When one is careful, the paradox isn't there. In particular, it is not true, as Tommaso Dorigo tries to claim, that the Jeffreys-Lindley paradox shows that the Bayesian thinking about scientific theories is unusable.

At the end, experiments' main purpose is to produce verdicts about the relative likelihood of various explanations and hypotheses. If experiments don't tell us whether some theory or hypothesis is viable or not, they're useless for theorists.

Dorigo's focus on the frequentist thinking is ultimately unusable for all of science and for theorists because those simply need to know the probability that some theory or hypothesis or statement is true. But this Dorigo's focus is legitimate to a limited extent. Namely that the "frequentist probabilities" that the experimenters produce may be viewed as an "isolated part" coming from the evaluation of an experiment. Theorists may combine this isolated part (a job that the experimenters are trained for and should be good at) with other reasoning – which also includes some Bayesian reasoning involving their prior probabilities of different hypotheses (vague but vital information that a theorist should always try to have some clue about) – and at this moment, the experimental data are useful for the theorists.

Dorigo has told us that he believes that the probability of any new physics at the LHC is \(10^{-10}\). So even if he found a 6-sigma evidence for a new BSM particle, he would believe that it's not real! This fact obviously means that Dorigo is a prejudiced bigot. But as long as he (and others at the LHC) won't cheat in the experiments or hide some inconvenient evidence for new physics and as long as they inform us about the correctly measured frequentist probabilities, we may view his claims about the "near certainty that physics is over" to be just some stupid hobby or religious ritual unrelated to his actual work.

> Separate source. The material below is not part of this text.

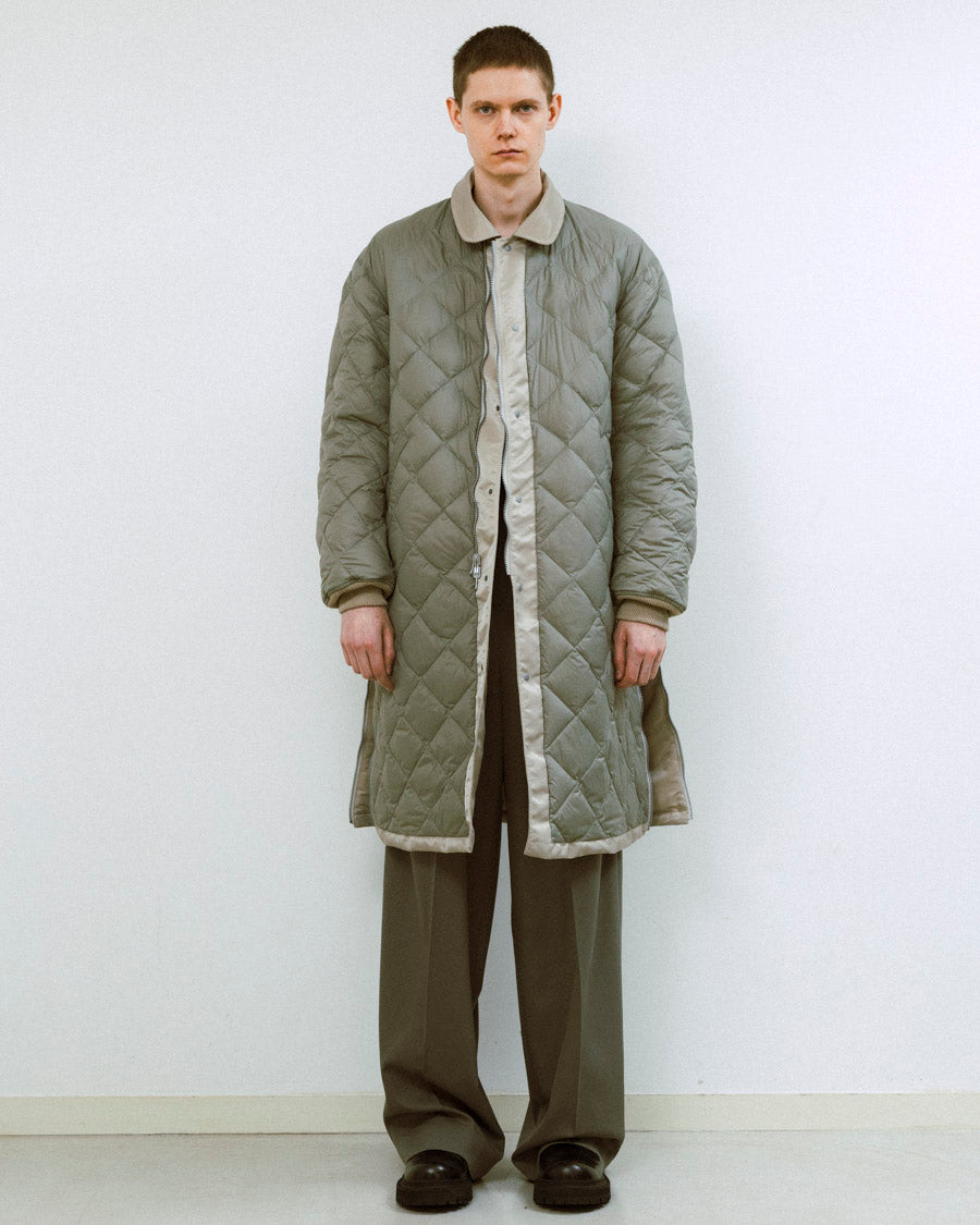 表面はマットでエレガントなナイロン、裏面はダウンのキルティング構造という異なる表情を持ち、気分やスタイリングに応じた着こなしが可能。

In other words, Dorigo and others is a dog who is barking the wrong tree but he may still be useful in biting an unwelcome guest.

Add to Digg this Add to reddit

snail feedback (1) :

reader Tommaso Dorigo said...

Hi Lubos,

nice post. I may have overlooked it in your long post (sorry am doing this with residuals of cpu while trying to follow a talk), but you do not focus on the important issue here, namely that "point nulls" do exist in HEP. The mass of the photon is EXACTLY zero, and the charge of the proton is equal to the charge of the positron. The cross section of NP is either >0 or EXACTLY zero. This makes the null hypothesis a "point null", and forces a Bayesian to place a non-null lump of probability in a single point of a continuous space. From this point on, and the existence of two other scales -a wider prior (make it a narrow one if you prefer, but things don't change) and a data-size-dependent "evidence" - make the paradox appear.
I don't think you can solve it with your recipe, but I think your post is useful anyway. Please have a look at the paper by Robert Cousins on this topic, you will find it very enlightening.